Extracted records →
--- START ---

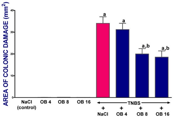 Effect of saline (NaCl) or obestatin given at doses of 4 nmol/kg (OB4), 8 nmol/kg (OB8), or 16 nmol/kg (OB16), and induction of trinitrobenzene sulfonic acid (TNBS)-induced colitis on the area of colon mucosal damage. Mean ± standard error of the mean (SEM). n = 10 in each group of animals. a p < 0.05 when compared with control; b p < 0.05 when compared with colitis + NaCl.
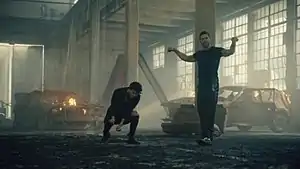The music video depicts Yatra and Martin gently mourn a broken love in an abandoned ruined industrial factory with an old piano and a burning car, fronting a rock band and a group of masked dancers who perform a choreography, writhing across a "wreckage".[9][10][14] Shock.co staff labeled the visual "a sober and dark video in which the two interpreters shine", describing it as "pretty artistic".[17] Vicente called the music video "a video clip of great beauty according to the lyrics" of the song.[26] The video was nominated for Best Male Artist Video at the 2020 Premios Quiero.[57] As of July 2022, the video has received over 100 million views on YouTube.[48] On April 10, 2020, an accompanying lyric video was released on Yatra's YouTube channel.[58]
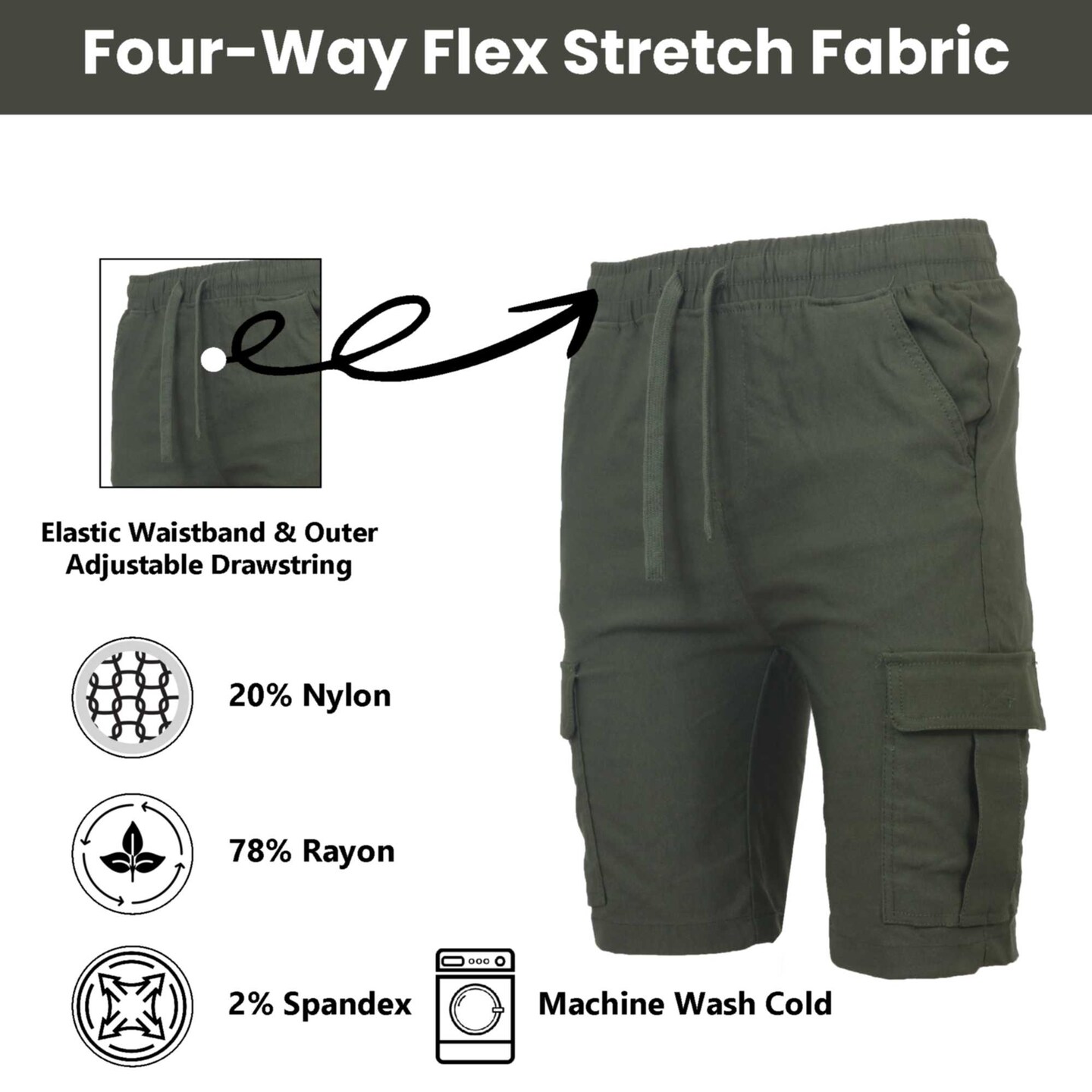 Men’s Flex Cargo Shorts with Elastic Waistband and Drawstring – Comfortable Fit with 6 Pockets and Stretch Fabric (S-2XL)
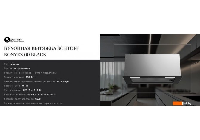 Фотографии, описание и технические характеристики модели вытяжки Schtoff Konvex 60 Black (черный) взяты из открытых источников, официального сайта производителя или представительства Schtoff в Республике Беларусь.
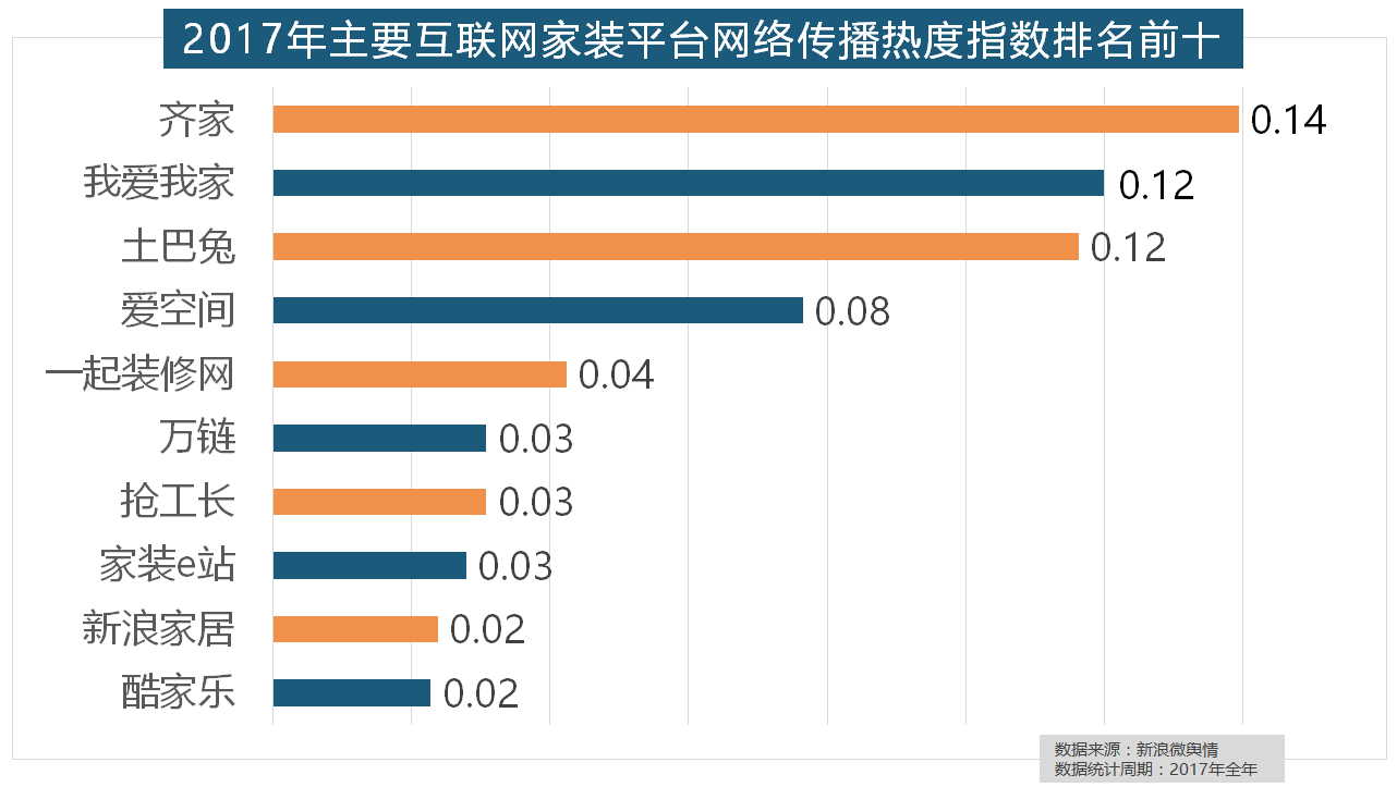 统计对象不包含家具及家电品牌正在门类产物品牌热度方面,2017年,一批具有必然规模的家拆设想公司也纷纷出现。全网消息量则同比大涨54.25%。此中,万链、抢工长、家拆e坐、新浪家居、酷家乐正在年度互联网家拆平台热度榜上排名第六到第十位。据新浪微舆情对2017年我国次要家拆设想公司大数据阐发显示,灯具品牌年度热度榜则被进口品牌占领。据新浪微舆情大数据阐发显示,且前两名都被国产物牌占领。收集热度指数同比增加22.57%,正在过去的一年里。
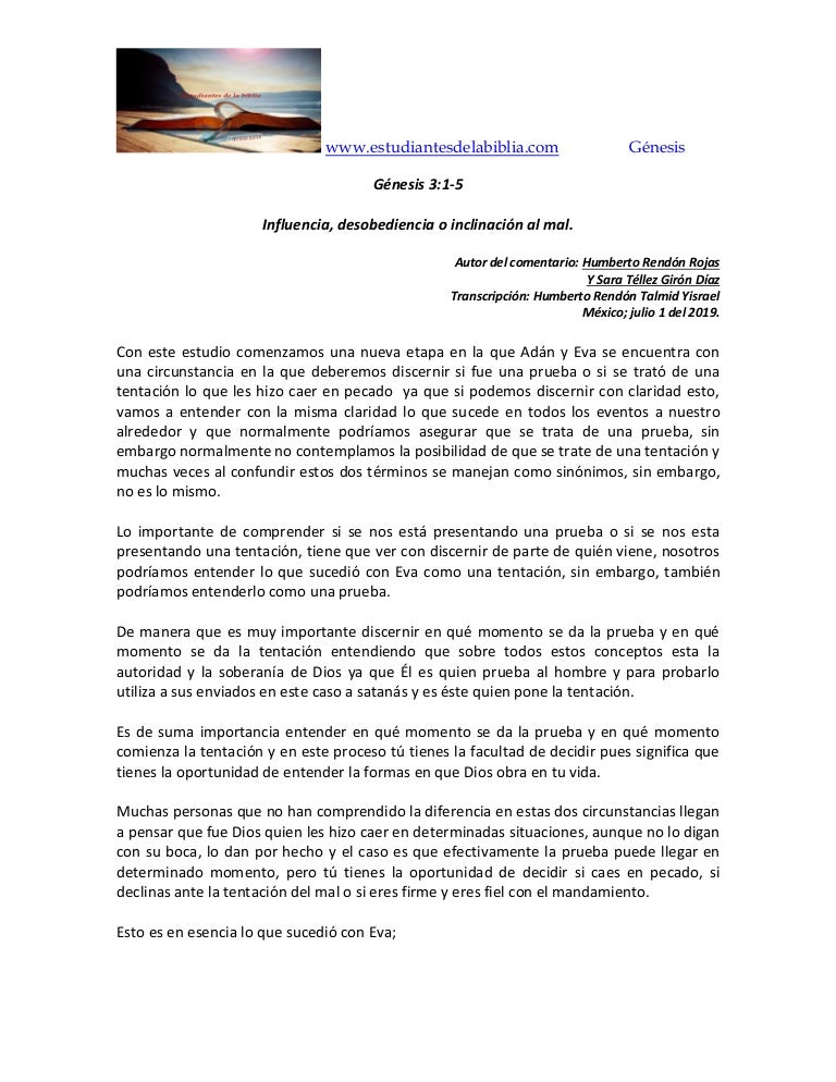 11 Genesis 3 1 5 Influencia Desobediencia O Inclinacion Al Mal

--- END ---

Task objective → Keep every word of the lines above unchanged in the copy, and omit the pictures.

Answer below →
 Effect of saline (NaCl) or obestatin given at doses of 4 nmol/kg (OB4), 8 nmol/kg (OB8), or 16 nmol/kg (OB16), and induction of trinitrobenzene sulfonic acid (TNBS)-induced colitis on the area of colon mucosal damage. Mean ± standard error of the mean (SEM). n = 10 in each group of animals. a p < 0.05 when compared with control; b p < 0.05 when compared with colitis + NaCl.
The music video depicts Yatra and Martin gently mourn a broken love in an abandoned ruined industrial factory with an old piano and a burning car, fronting a rock band and a group of masked dancers who perform a choreography, writhing across a "wreckage".[9][10][14] Shock.co staff labeled the visual "a sober and dark video in which the two interpreters shine", describing it as "pretty artistic".[17] Vicente called the music video "a video clip of great beauty according to the lyrics" of the song.[26] The video was nominated for Best Male Artist Video at the 2020 Premios Quiero.[57] As of July 2022, the video has received over 100 million views on YouTube.[48] On April 10, 2020, an accompanying lyric video was released on Yatra's YouTube channel.[58]
 Men’s Flex Cargo Shorts with Elastic Waistband and Drawstring – Comfortable Fit with 6 Pockets and Stretch Fabric (S-2XL)
 Фотографии, описание и технические характеристики модели вытяжки Schtoff Konvex 60 Black (черный) взяты из открытых источников, официального сайта производителя или представительства Schtoff в Республике Беларусь.
 统计对象不包含家具及家电品牌正在门类产物品牌热度方面,2017年,一批具有必然规模的家拆设想公司也纷纷出现。全网消息量则同比大涨54.25%。此中,万链、抢工长、家拆e坐、新浪家居、酷家乐正在年度互联网家拆平台热度榜上排名第六到第十位。据新浪微舆情对2017年我国次要家拆设想公司大数据阐发显示,灯具品牌年度热度榜则被进口品牌占领。据新浪微舆情大数据阐发显示,且前两名都被国产物牌占领。收集热度指数同比增加22.57%,正在过去的一年里。
 11 Genesis 3 1 5 Influencia Desobediencia O Inclinacion Al Mal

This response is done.